Vanaten and Mother moved away then towards the trade goods cart, for his thin-faced clerk had finished the tally and it was time to barter.  Rune got up and wandered over towards the wagons, more because he had nothing else to do than to watch the misery of the sweating slaves struggling to hoist the heavy bags of charcoal onto the already high piles that had been collected earlier along the route.  The Overseer was a brute of a man and he pushed and hit the slaves more than was necessary to speed them along.  It was obvious he also felt he had something to fear, for he kept looking over his shoulder at the forest and there was no doubt he wished to get back to the safety of the city as soon as he could.  His face was scarred and the tell-tale ribbing in the flesh of his neck showed that he himself had worn a slave's collar for more than a few years.  He wore an armless leather tunic and heavy boots, without the leggings that the buyer and drivers favored.  The ash staff he carried had a heavy metal boss affixed at each end of it's five foot length and in his belt hung a well-used leather lash and the short sword of a tavern fighter, both ominously denoting that his ways were governed by force rather than reason.  From the looks he received, whenever his back was turned, it was certain that the slaves waited only for the day they could catch him unawares and beat him to death with their fists as retribution for their suffering at his hands.

The main loading had been completed and the slaves had already been bullied back into the prison wagon, when the overseer remembered the spillings in the barn.  He unlocked three of the slaves from the rest of the line and dispatched them to sweep up and sack the extra profit for his master, with threats of what any time lost would cost them in pain and hunger.  Rune followed the three men that had been singled out for this task, for no other reason than he needed to get away from the Overseer.  As they passed the house the last man stopped, nearly causing his fellows to trip so sudden was his decision. 

Maer had come out of the house at that very moment, her chubby little legs trying hard to balance her plump little body.  Her mop of blond curls danced in the breeze above a doll-like face that was concentrating hard on the large piece of freshly baked bread she carried in her little hands.  Rune took it that it was the bread that had caught the man's interest.  The others, with glances back at the overseer, murmured something to him urgently and they all moved on towards the barn.  The scene was so dramatic, plump little Maer with so large a piece of bread and this manacled slave, whose gray skin was so tightly stretched over his malnourished body that every bone showed through.  Maer, freshly washed with bouncing curls, compared to this dirt streaked stranger whose hair was so closely cropped it seemed no longer than the day or two's growth of beard that covered his strained face.

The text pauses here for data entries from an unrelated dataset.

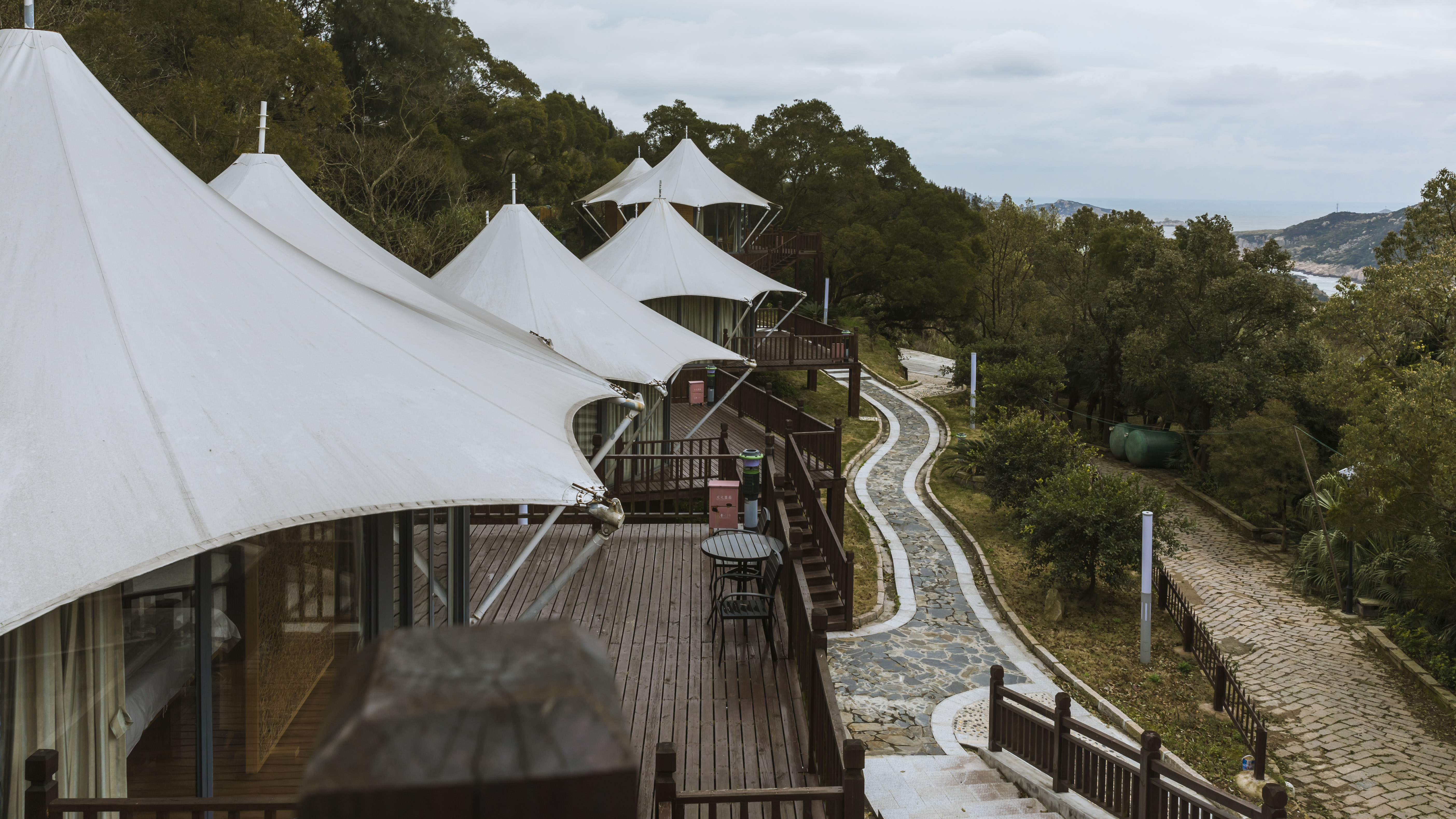 每一间房都是一幢独立的小楼,每一幢小楼都有独立的走廊和阳台。屋顶是白色风帆状的,所有的墙面都用落地大玻璃代替,整个房间极具设计感,古朴禅意而又异国风情。
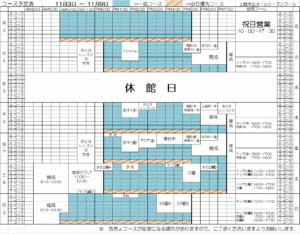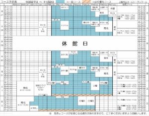 こちらでは1週間のコース予定と代替駐車場を掲載しております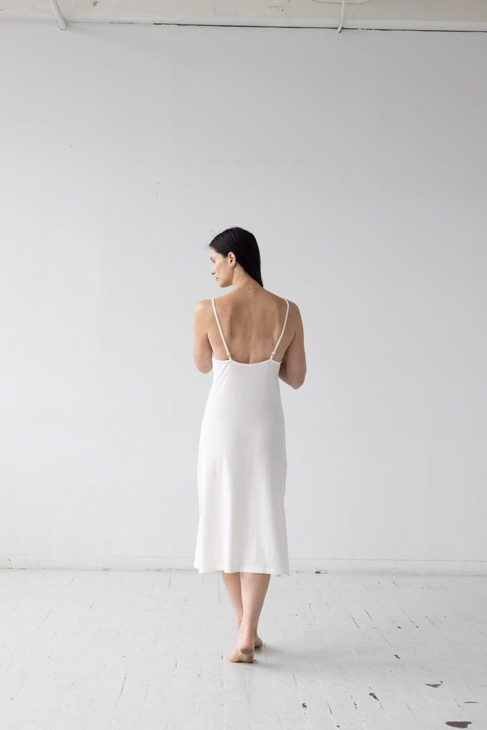This ultra-soft, long, bias-cut nightgown is crafted from brushed Pima cotton, known for its luxurious texture and gentle touch against the skin. The gown features delicate spaghetti straps that provide a barely-there feel. Its bias cut allows it to gracefully skim the body's natural curves, adding a fluid, flattering silhouette that moves elegantly. The brushed finish on the Pima cotton gives it an extra layer of warmth and softness, making it perfect for cozy, restful nights.
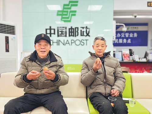 浙江省江山市郵政分公司在春節(jié)期間不斷優(yōu)化服務,提升服務溫度,除了在網(wǎng)點配備愛心藥箱、老花鏡等便民物品,還推出“‘蛋’生幸福年”活動,來營業(yè)廳辦理金融業(yè)務的客戶都可獲贈茶葉蛋一枚,為農(nóng)歷新年贏得好彩頭。□柴菁 攝影報道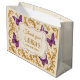 Make your gift presentation as stunning as the celebration itself with this custom royal gold and purple butterfly large gift bag. Designed with elegant gold accents, delicate purple butterflies, and floral details, it creates a beautiful and feminine vintage-inspired look. Personalise with your own text or name to make it perfect for birthdays, sweet sixteens, quinceañeras, or any royal-themed party. A thoughtful way to add elegance to your gift giving.

Rune was inside the house at the run and out again in seconds with two loaves of bread before the convicts had moved more than a few steps.  Breaking the bread and forcing it into their hands he felt the same feeling one must get diving into a raging river to save a drowning child.  Their eyes showed him more thanks than any child could have given it's own father, as they tore at the bread with dirty and broken teeth.  They swallowed each piece so fast one would have thought they feared he intended to take back what they did not eat immediately.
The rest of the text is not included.